The following statement should be introduced at the end of Results section (after line 350) on in Discussion section (from line 416):

“The gathered k_off values for HSA complexes ranged from 0.106 s^-1 (control conditions) to 0.256 s^-1 (in presence of Imatinib inhibitor). These data are in agreement with previous reported biological systems as ferredoxin NADP⁺ reductase:NADP⁺ (k_off = 0.105 s^-1) [8], aggrecan:aggrecan (k_off = 0.127 s^-1) [9], concavalin A:carboxipeptidase A (k_off = 0.170 s^-1) [10] or lectin:α-GalNAc (k_off = 0.680 s^-1) [11]. This finding evidences the transient nature of the bonds involved in HSA complex under the five studied conditions”.

[8] Pérez-Domínguez, S.; et al. Nanomechanical Study of Enzyme: Coenzyme Complexes: Bipartite Sites in Plastidic Ferredoxin-NADP⁺ Reductase for the Interaction with NADP. Antioxidants 2022, 11, 537. https://doi.org/10.3390/antiox11030537.

[9] Harder, A.; et al. Single-molecule force spectroscopy of cartilage aggrecan self-adhesion. Biophys. J. 2010, 99, 3498-3504. https://doi.org/10.1016/j.bpj.2010.09.002.

 [10] Lebed, M.; et al. Atomic Force Microscopy and Quartz Crystal Microbalance Study of the Lectin-Carbohydrate Interaction Kinetics. Acta Phys. Pol A 2007, 111, 273-286. https://doi.org/10.12693/APhysPolA.111.273.

[11] Sletmoen, M.; et al. Single-molecule pair studies of the interactions of the alpha-GalNAc (Tn-antigen) from of porcine submaxillary mucin with soybean agglutinin. Biopolymers 2009, 91, 719-728. https://doi.org/10.1002/bip.21213.

--------

BIBLIOGRAPHY

The bibliography is not in the proper format of Biomolecules journal. Authors must take care of this aspect and deeply revise this section. For example, the reference number 1 should appear in the following form:

Bier, D.; Thiel, P.; Briels, J.; Ottmann, C. Stabilization of Protein-Protein Interaction in chemical biology and drug discovery. Prog. Biophys. Mol. Biol. 2015, 119, 10-19. https://doi.org/10.1016/j.pbiomolbio.2015.05.002.
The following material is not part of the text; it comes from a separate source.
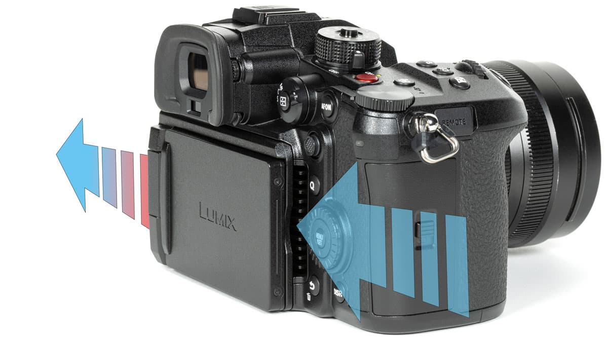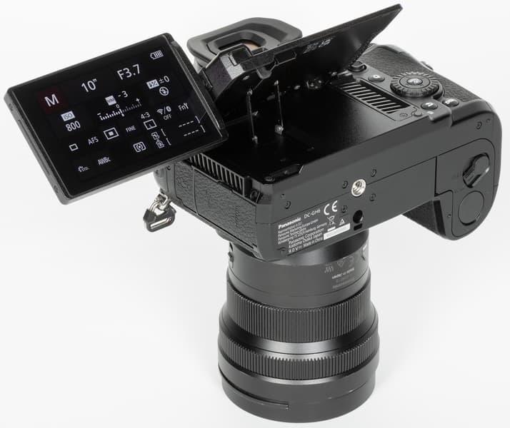 Сенсорный экран имеет хитрую конструкцию, которая позволяет наклонить и повернуть его как угодно, это кардинально облегчает процесс съемки. Под откидной пластиной, к которой крепится экран, находится еще одна вентиляционная решетка, но предназначенная для забора воздуха.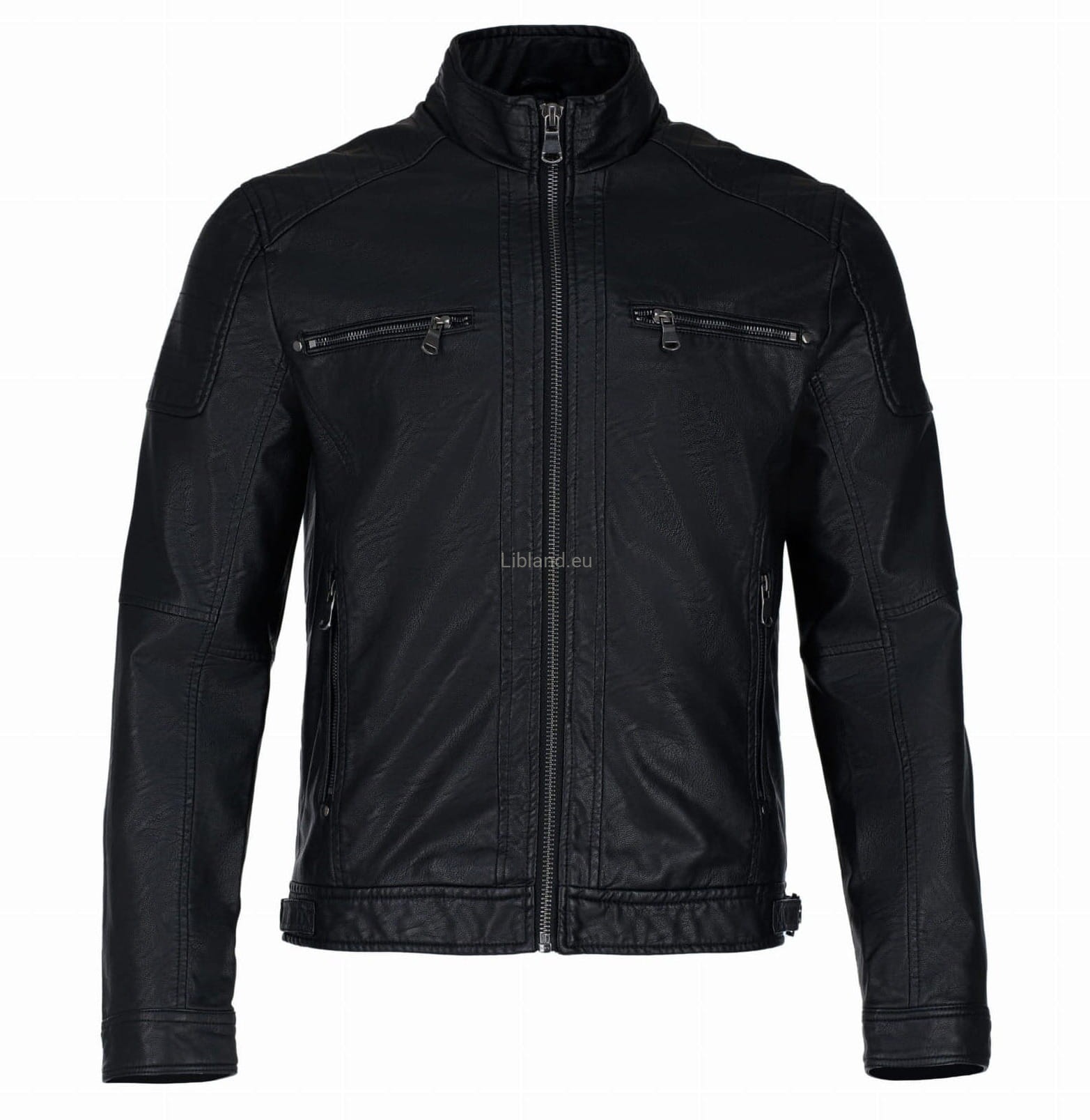 Męska kurtka z ekologicznej skóry ze stójką i pikowanymi ramionami.

Moreover, the amount of bibliography of the present manuscript is lower than other works with similar length in terms of pages. For this reason and in order to improve this number some advices are indicated in the upper part is this reviewing document.

--------

OVERVIEW AND FINAL COMMENTS

The submitted work is well-designed and the gathered results are interesting for the biomedical field. For this reason, I will recommend the present scientific manuscript for further publication in Biomolecules journal once all the aforementioned suggestions will be fixed.

Author Response

Please see the attachment.

Author Response File: Author Response.pdf

Round 2

Reviewer 1 Report

The authors have addressed all the comments and suggestions I made in the first review. The quality of the article has significantly improved. I believe the paper is acceptable for publication in the Biomolecules. Good job!

Reviewer 2 Report

The changes made by the authors have fully satisfied my previous request. Based on the quality and importance of the submitted work I warmly recommend it to further publication in Biomolecules journal. The present article fulfills with the high-standards of Biomolecules journal.